Halfway between İzmir and Ankara is the large, forward-looking city of KÜTAHYA, whose location between capital and coast makes it a good place to kick off a tour of Northern Anatolia. The city has few draws of its own – note the near-total absence of tourists – but serves as a jumping-off point for the splendidly isolated Roman ruins of Aezani. Dominated by an Ottoman fortress, Kütahya is famous above all for its fine tiles, which are used throughout Turkey, especially in restoration work on Ottoman mosques, replacing the İznik originals (just as Kütahya has replaced İznik as the country’s leading tile-producing centre).
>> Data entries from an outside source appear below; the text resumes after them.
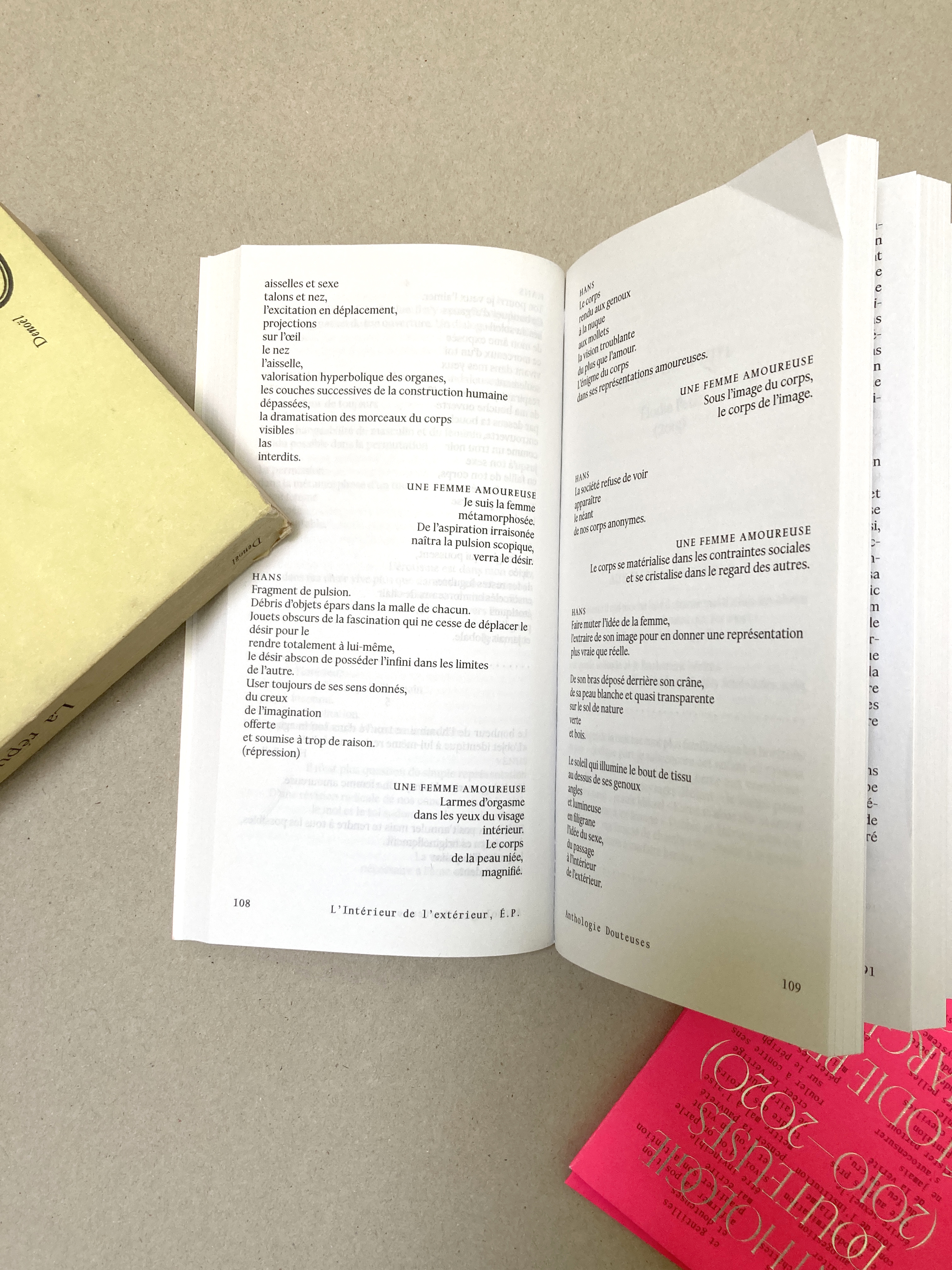 Parlons-en justement. La lecture peut se faire orgasme. Toujours solitaire. Dans les pages tendues au cordeau de l’Anthologie douteuses, le sublime texte d’Élodie Petit — Intérieur de l’extérieur. D’après Ouvrir Vénus, Georges Didi-Huberman ; Petite anatomie de l’image, Hans Bellmer ; Des poupées et des hommes, enquête sur l’amour artificiel, Elisabeth Alexandre et Helena Dorfman — fait s’élever des sortes d’aphorismes anti-romantiques. Une femme amoureuse clame, page 108, « Je suis la femme / métamorphosée. / De l’aspiration irraisonnée / naîtra la pulsion scopique, / verra le désir. »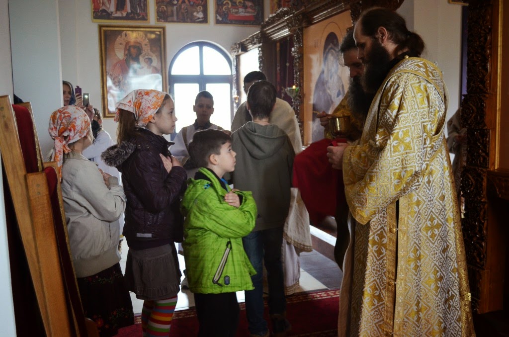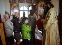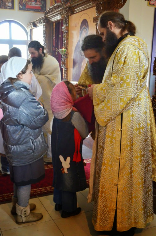 „А Свети апостол Павле, баш данас који се читао у Светом Апостолу каже: „На спасење и исцељење душа и тела.“ Али ако се неко недостојно причешћује, онда суд себи једе и пије, на осуду себи онда се причешћује. Зато је потребно браћо и сестре за Свето причешће да се припремамо. Света Црква је одредила како. Постом, молитвом, Светом тајном покајања и исповести. И очишћењем себе од тих грехова у тој Светој тајни покајања. Тако да када човек приступа Светој чаши да се причести, треба да је измирен са свима, да нема ни на кога мржњу, да не чини никакво зло дело, да показује љубав и смирење према свима, трпљење у невољама и страдањима, попут Господа нашега, који је све ове невоље и страдања претрпео из љубави према човеку и роду људскоме, да би нас људе ослободио од греха људи и ђавола.“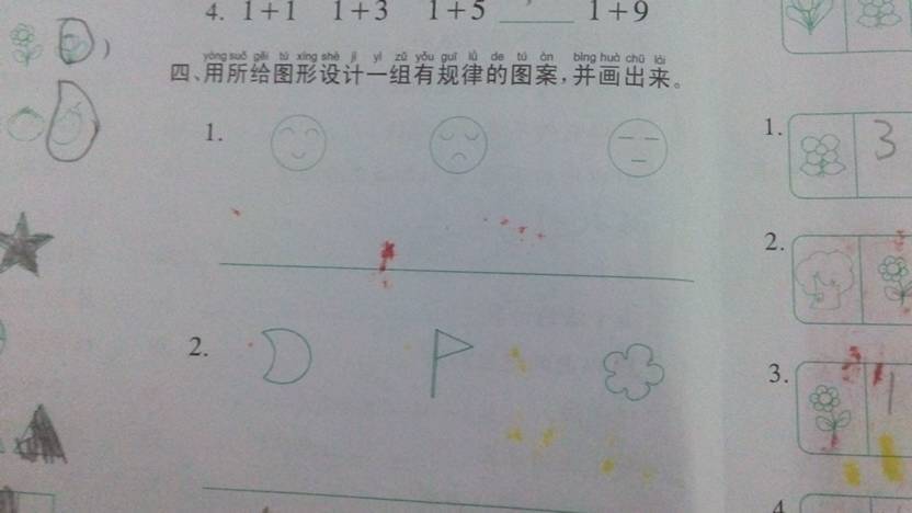 求解幼儿园数学题按规律设计图案 点击展开 匿名用户 2014-10-07 17:55 为您推荐: 其他回答 好深奥 匿名用户 2014-10-07 17:57 相关问题 幼儿园班牌设计图案怎样最创新啊 小孩7岁做数学题的时候不理解规律怎么办 请教一下 小孩一年级有道数学题是按规律填数 17,( ),11,( )不知有谁能帮助一下?谢谢
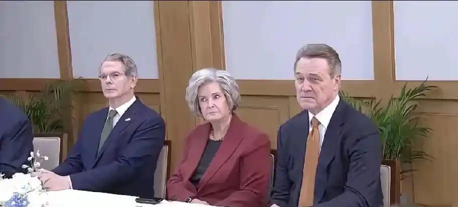 这次会晤,仔细的人都能看出来,气氛有点不对。特朗普坐在主位上,神情出奇地平静,甚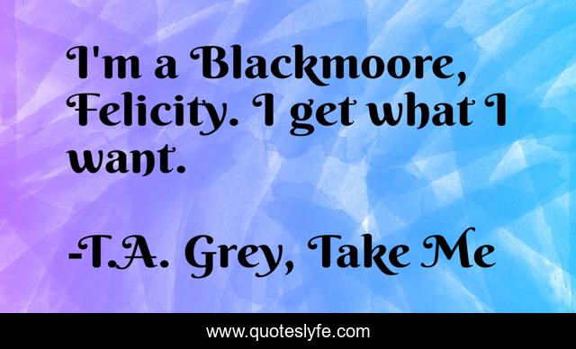 "T.A. Grey, Take Me Quotes." Quoteslyfe.com, 2025. Fri. 05 Dec. 2025. <https://www.quoteslyfe.com/quote/I-m-a-Blackmoore-Felicity-I-get-132507>.

Many modern local buildings, including the otogar, are swathed in tiles; and there are ceramic shops on virtually every street, selling tiles, dinner services and vases – not to mention toilets, of which Kütahya is the nation’s largest producer.
It was under the Ottomans that Kütahya enjoyed its golden age as a tile-making centre, after Sultan Selim I forcibly resettled tile-workers from Tabriz here after defeating the Persians at Çaldıran in 1514. Contemporary Kütahya tiles look a little garish and crude in comparison with Ottoman-era examples – the secret of the pigment blends that gave the original Kütahya tiles their subtle and delicate lustre has been lost with the centuries.
During the War of Independence, the Greek army were defeated twice in battles at the defile of İnönü, northeast of Kütahya, in January and April 1921. They managed to break out in the summer of the same year, capturing Eskişehir and Afyon and launching an offensive that took them to within striking distance of Ankara. The following year the Turkish offensive that was to throw the Greeks out of Anatolia once and for all began at Dumlupınar, midway between Kütahya and Afyon.Read More
Easily reachable, 60km or so southwest of Kütahya, is the site of Roman Aezani, famed for its atmospheric Temple of Zeus, one of Anatolia’s best-preserved Roman buildings.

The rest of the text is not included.